When I use LLMs, it’s like you said, to get hints as to what options I have. I know it’s sampling from a bunch of existing codebases, so having the LLM go figure out what’s similar can help. But if I ask the LLM to actually generate code, it’s almost always complete garbage unless it’s really basic structure or something (i.e. generate a basic web server using <framework>), but even in those cases, I’d probably just copy/paste from the relevant project’s examples in the docs.
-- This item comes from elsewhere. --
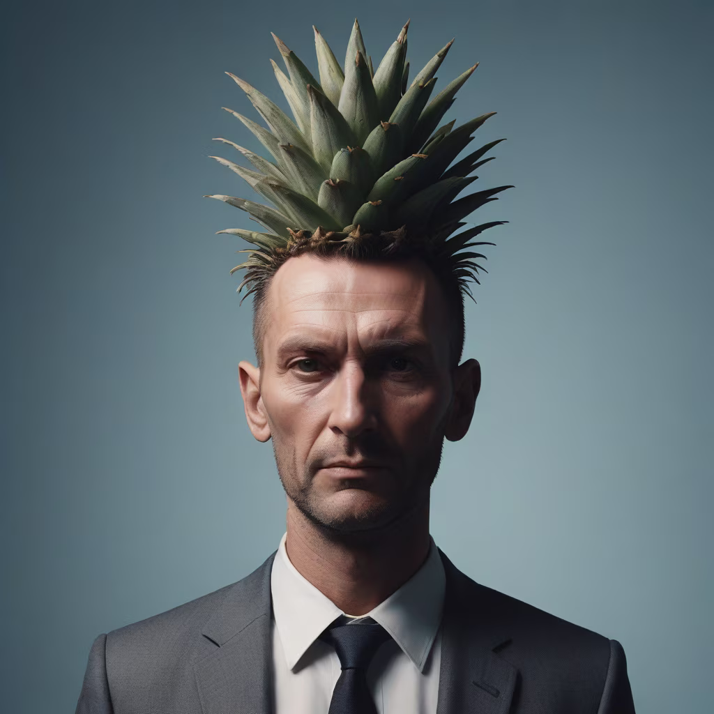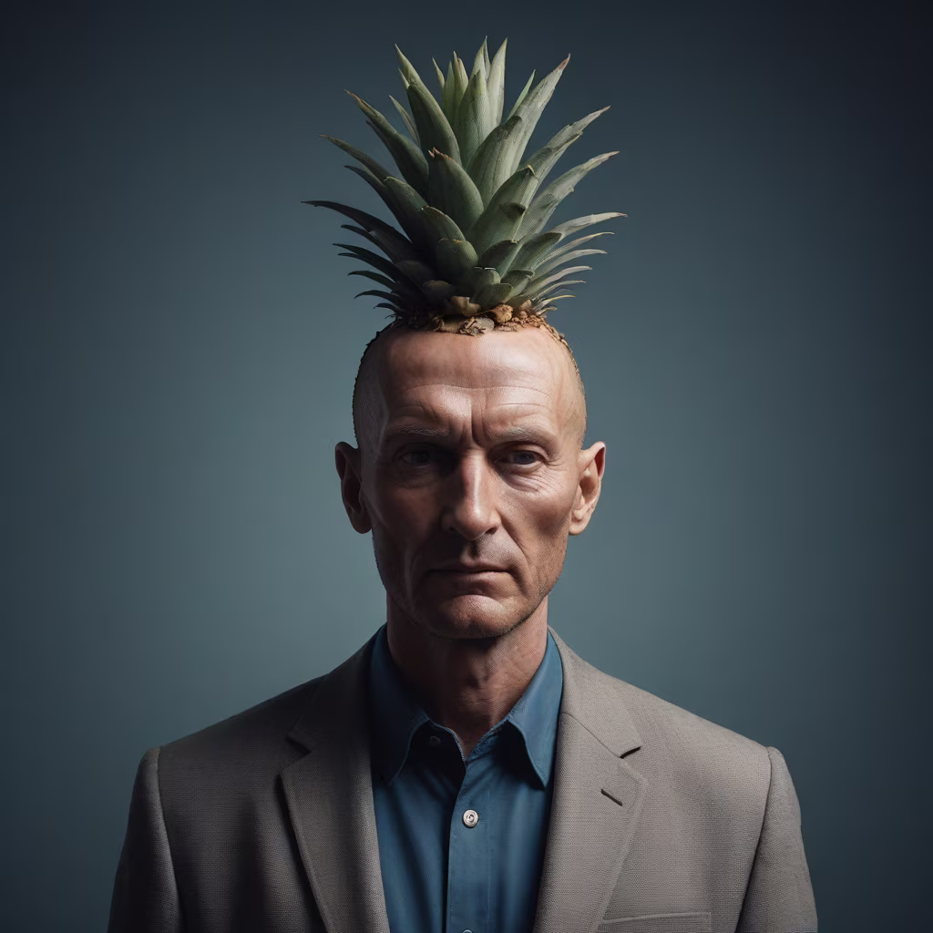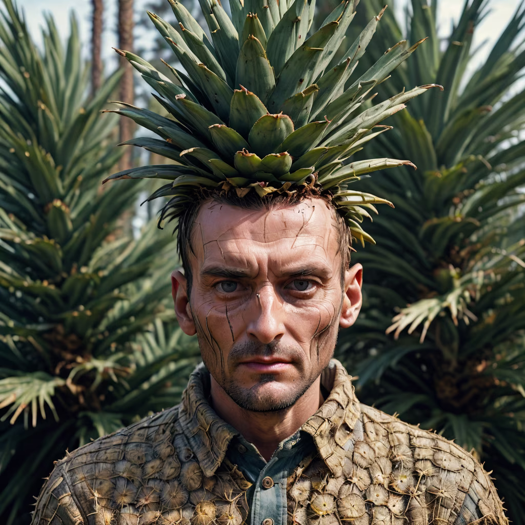 Prompt: A photographic and hyperrealistic cinematic style photo of a man with a head replaced by a pineaple, strange

That said, if I had to use an LLM to generate code for me, I’d draw the line at tests. I think unit tests should be hand-written so we at least know the behavior is correct given certain inputs. I see people talking about automating unit tests, and I think that’s extremely dangerous and akin to “snapshot” tests, which I find almost entirely useless, outside of ensuring schemas for externally-facing APIs are consistent.
deleted by creator
Now, I obviously didnt tell it to write the entire code by itself. […]
I am fairly competent in writing programs.
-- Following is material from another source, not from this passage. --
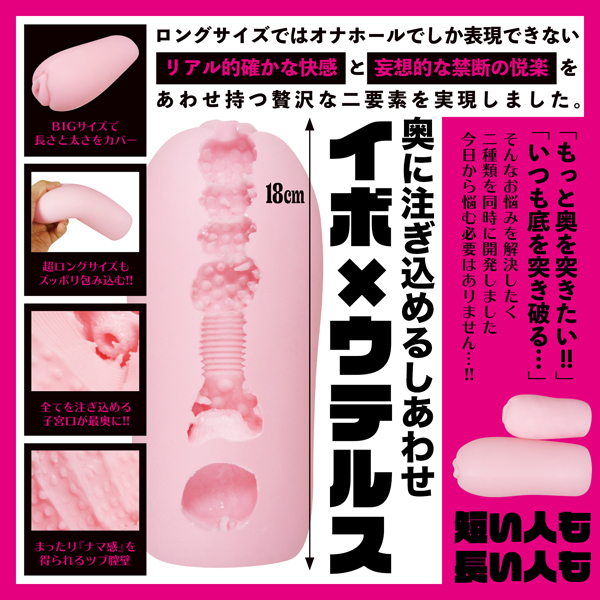 「底を突き破ってしまう…」という長い男性のお悩みに、イボ×ウテルス構造のロングオナホ(ローション付)。

Go ahead using it. You are safe.
A lot of people spent many many nights wasting away at learning some niche arcane knowledge and now are freaking out that a kid out of college can do what they can with a cool new machine. Maybe not fully what they do but 70% there and that makes them so hateful. They’ll pull out all these articles and studies but they’re just afraid to face the reality that their time and life was wasted and how unfair life can be
Who hurt you?
I have been there, wasted learning stupid things I will never need to know.
Coders are gonna get especially screwed by AI, compared to other industries that were disrupted by leaps in technology.
Look at auto assembly. Look at how many humans used to be involved in that process. Now a lot of the assembly is performed by robotics.
The real sad part is that there’s tons of investment (in terms of time and in terms of money) to become a skilled programmer. Any idiot can read a guide on Python and throw together some functional scripts, but programming isn’t just writing lines of code. That code comes from tons of experience, experiments, and trial and error.
At least auto workers had unions though. Coders don’t have that luxury. As a profession it really had its big boom at a time when people had long since been trained to be skeptical of them.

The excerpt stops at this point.